#### GOAL OF THE EXERCISE
Give back every line of the material below exactly, but no images.

#### DATA

::::

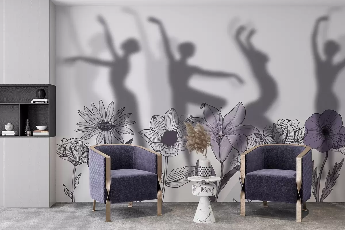 Carta da parati Silhouette di ballerine, fiori rustici, line art, colori grigio e viola nr. w04069v2
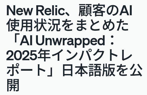 New Relicは2025年8月21日、「AI Unwrapped:2025年インパクトレポート」を公開した。同社のオブザーバビリティ(可観測性)プラットフォームのアカウント8万5000件における2024年4月30日〜2025年4月30日のAI(人工知能)使用状況をまとめたものだ。
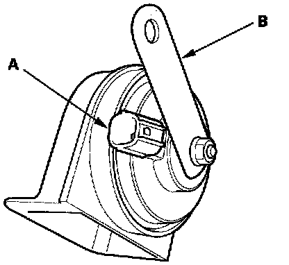 3. Test the horn by connecting battery power to the terminal (A) and ground to the bracket (B). The horn should sound.

::::

#### WRITTEN REPLY
 Carta da parati Silhouette di ballerine, fiori rustici, line art, colori grigio e viola nr. w04069v2
 New Relicは2025年8月21日、「AI Unwrapped:2025年インパクトレポート」を公開した。同社のオブザーバビリティ(可観測性)プラットフォームのアカウント8万5000件における2024年4月30日〜2025年4月30日のAI(人工知能)使用状況をまとめたものだ。
 3. Test the horn by connecting battery power to the terminal (A) and ground to the bracket (B). The horn should sound.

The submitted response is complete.